Extension of duty to cover refurbishment works
The Bill will extend the duties under the Defective Premises Act to include extension or refurbishment works on existing properties provided the works were carried out during the course of a business, and those works have rendered the property uninhabitable.
There is a proposed amendment to the Bill which, if adopted, will insert implied terms into every residential building and residential renovation contract. The suggested terms are as follows:
All residential units will be:
- fit for purpose and remain so for a reasonable period;
- constructed in all material respects as described in the approved plans;
- not subject to any building safety risk;
- built from materials as described in the approved plans;
- built from materials of satisfactory quality;
- designed to a reasonable standard;
- prepared with reasonable care and skill and all works will be executed with reasonable care and skill; and
- comply in all material respects with all applicable statutory requirements and with all building regulations in force as at the date of completion.
A further amendment recommends that no residential property is to be sold by a developer unless the seller has in place a policy of insurance as regards the implied terms.
The implied terms will strengthen consumer rights for home buyers and increase the liability of developers for defects within the properties that they build.
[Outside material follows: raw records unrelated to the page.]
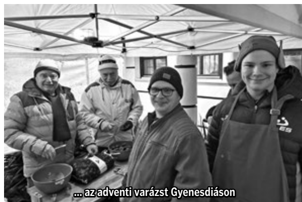
...az adventi varázst Gyenesdiáson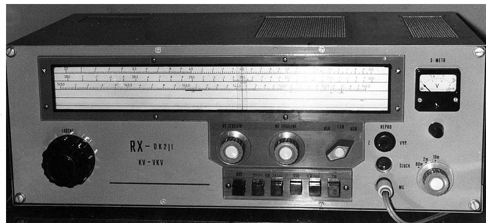
RX 28 a 144MHz pro provoz přes kosmický převaděč „ OSCAR-6“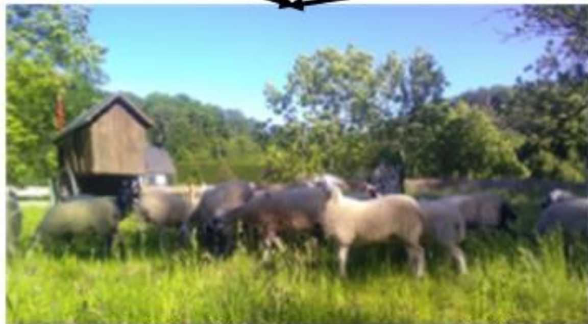
Troupeau de brebis

110 ha de prairies permanentes 2 sites : Le Marchédial et Prades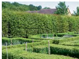
buis et charmes

Alisier torminal Aulne Charme Chêne pubescent Chêne vert Erable champêtre Noisetier Saulé marsault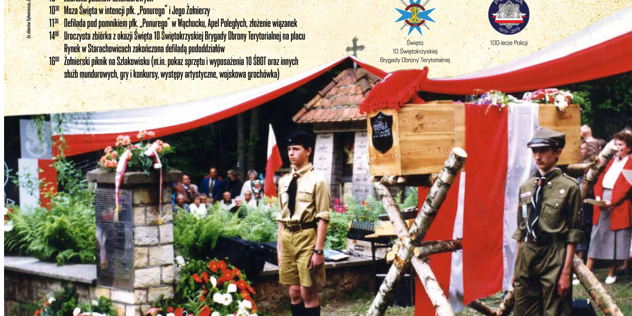
Wspieracie organizacyjnie i finansowo w organizacji uroczystości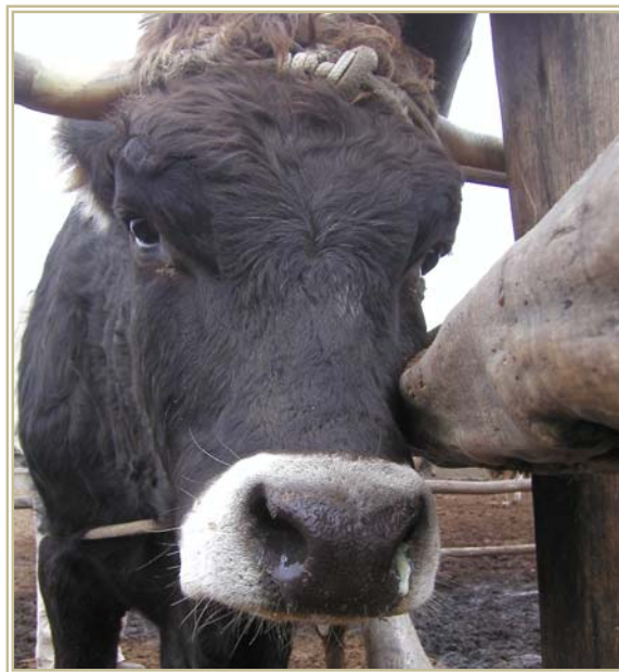
Figura 2. Animal seleccionado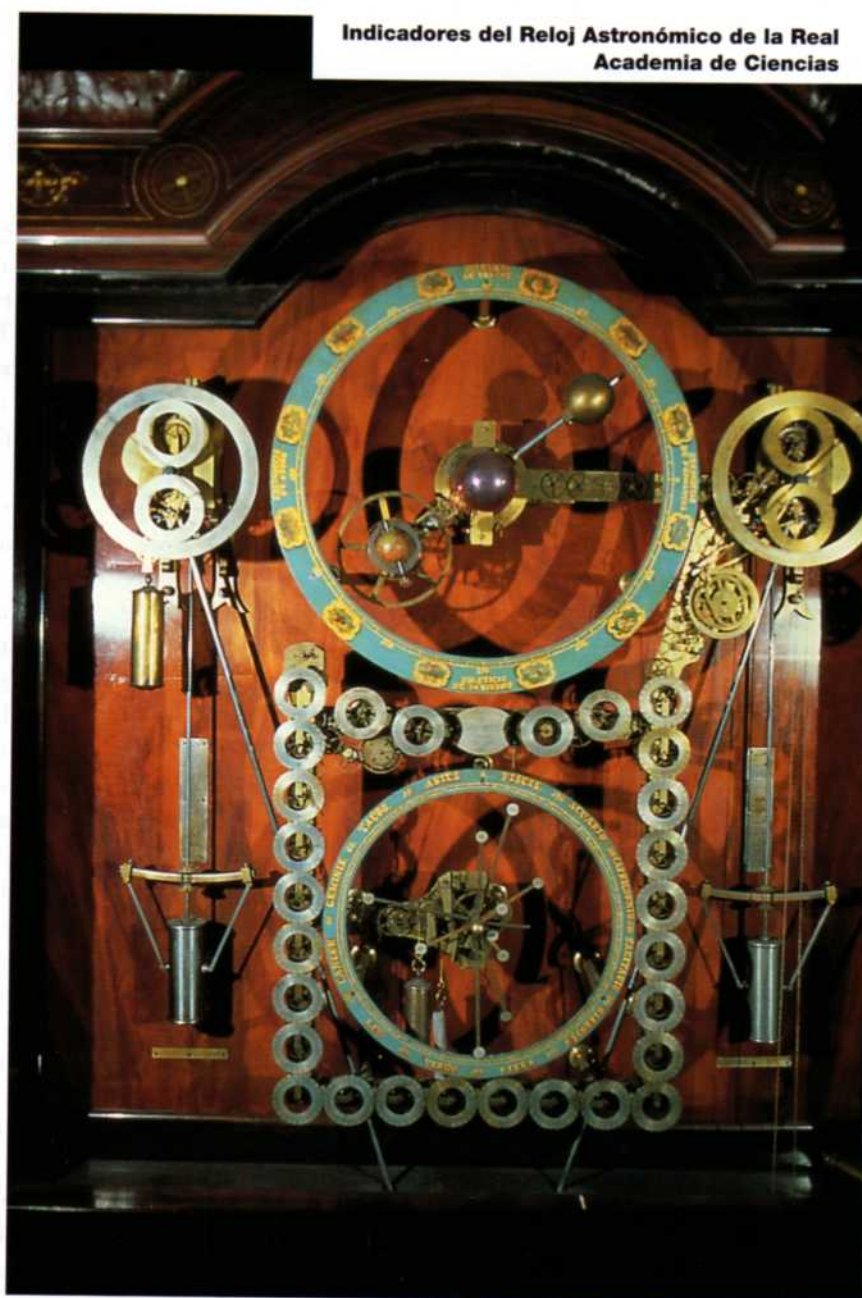
Indicadores del Reloj Astronómico de la Real Academia de Ciencias

Naciones y se atreve a esperar que no en vano acudirá a la benevolencia, a la ilustración y al amor a las artes Españolas que alientan a los dignos representantes de la Nación. Madrid a 21 de enero de 1858".

The Bill in its current form will increase the limitation period for bringing a claim under the Defective Premises Act to 15 years. Although, subsequent proposed amendments have gone as far as increasing the time period for bringing a claim under the Act to 25 or even 30 years.
Why are we thinking about this now?
The Building Safety Bill is only at the Committee Stage of the legislative process and so it is not clear yet how long it will take to reach Royal Assent and what form it will be in by the time it reaches that stage. Even once the Bill has received Royal Assent it is anticipated that it will only come into force 12-18 months later. So why are we thinking about this now?
Answer: because it is expected that the legislation will apply retrospectively and with a limitation period of (at least) 15 years it could give hope to many building owners who would otherwise have been out of time to bring claims (now) under the current law.